Young Havelock, mistaking the men’s temper, galloped up to the regiment with a message from his impatient father that lost nothing in carrying—“If you don’t go at the village I’ll send men that will go, and put an everlasting disgrace on you!” Brave men do not lightly endure the whip of a message like that, and Forbes relates how a private named Paddy Cavanagh leaped from the ranks, ran single-handed in on the enemy, “cursing his comrades with bitter Irish malisons as he sped, and was literally hacked to pieces, fighting like a wild cat in the ranks of his enemies”! How the 64th followed where valiant Paddy Cavanagh had led may be imagined; but the late arrival of the 64th had spoiled Havelock’s combination, and he was too much given to vehement rhetoric to spare the heavy-footed 64th a lash of the whip. “Some of you,” he said in his order of the day next morning, “fought yesterday as if the cholera had seized your mind as well as your bodies!”
Havelock had by this time marched fifteen miles, fought two battles, used up one-third of his ammunition, and lost by bullet or cholera about one-sixth of his force. At this rate of progress he would reach Lucknow with powderless guns and 600 bayonets! Cawnpore itself, too, was threatened, and at Dinapore, a vital point in the long water-line between Calcutta and Allahabad, three regiments of Sepoys had broken into mutiny, and threatened Havelock’s communications with the capital.
Havelock consulted with Tytler, his quartermaster-general, his chief engineer, and his son. Young Havelock, with the effervescing and heady valour of youth, was for “pushing on at all hazards”; the older men declared this meant the entire destruction of the force, and perhaps the loss of Lucknow, and Havelock was too good a soldier not to agree with this view. It was an act of nobler courage to fall back than to advance, but Havelock’s fine-tempered valour was equal to the feat, and he turned the faces of his reluctant soldiers back to Cawnpore.
Neill, fierce and vehement by nature, when he heard the news, despatched an amazing letter to his chief.

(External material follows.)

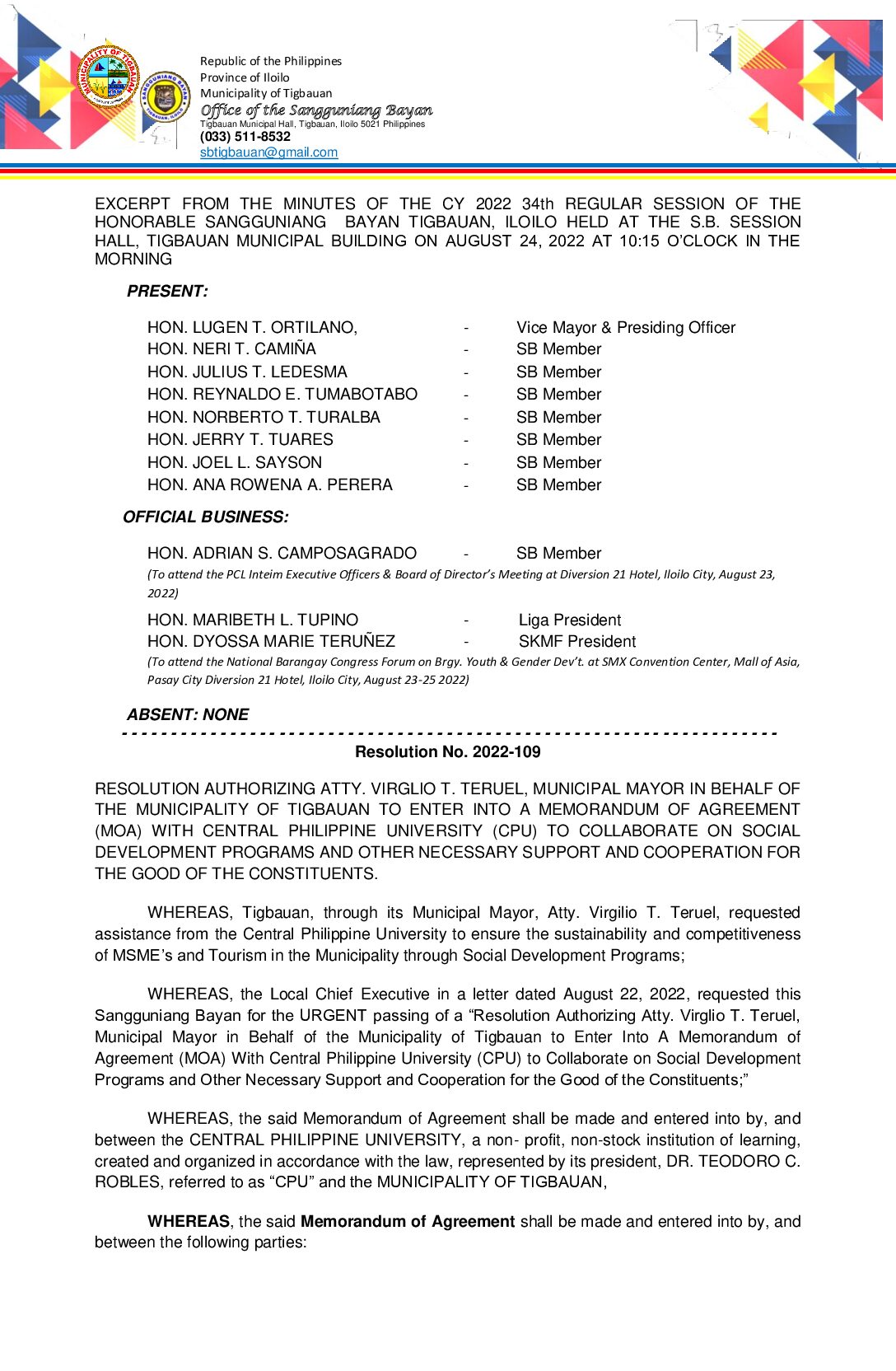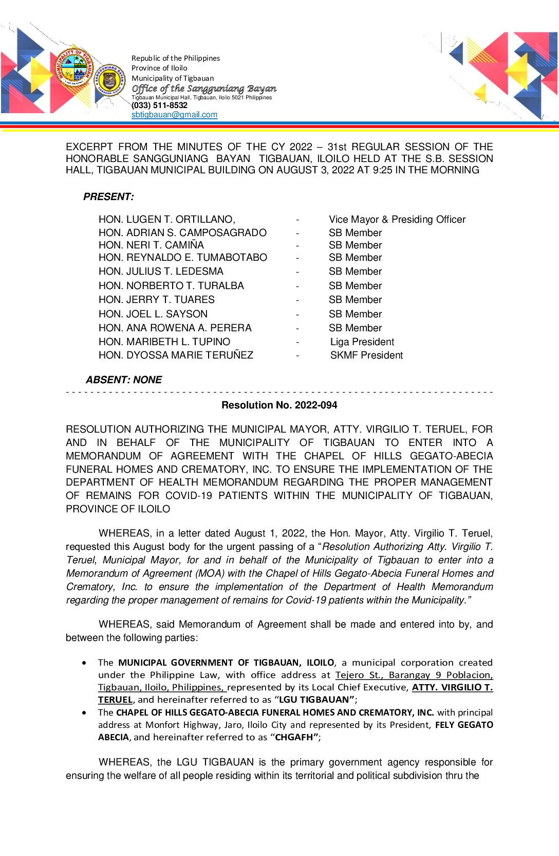Resolution No. 2022-094 – RESOLUTION AUTHORIZING THE MUNICIPAL MAYOR, ATTY. VIRGILIO T. TERUEL, FOR AND IN BEHALF OF THE MUNICIPALITY OF TIGBAUAN TO ENTER INTO A MEMORANDUM OF AGREEMENT WITH THE CHAPEL OF HILLS GEGATO-ABECIA FUNERAL HOMES AND CREMATORY, INC. TO ENSURE THE IMPLEMENTATION OF THE DEPARTMENT OF HEALTH MEMORANDUM REGARDING THE PROPER MANAGEMENT OF REMAINS FOR COVID-19 PATIENTS WITHIN THE MUNICIPALITY OF TIGBAUAN, PROVINCE OF ILOILO

“You ought not to remain a day where you are,” he wrote. “You talk of advancing as soon as reinforcements reach you. You ought to advance again, and not halt until you have rescued, if possible, the garrison of Lucknow.” Havelock, with that note of shrill temper which ran through his character, was the last man to endure exhortations of this peremptory quality from a subordinate. “There must be an end,” he wrote back, “to these proceedings at once.” Nothing, he said, but the possible injury to the public service prevented him from putting Neill under immediate arrest! “But,” he added, “you now stand warned. Attempt no further dictation!”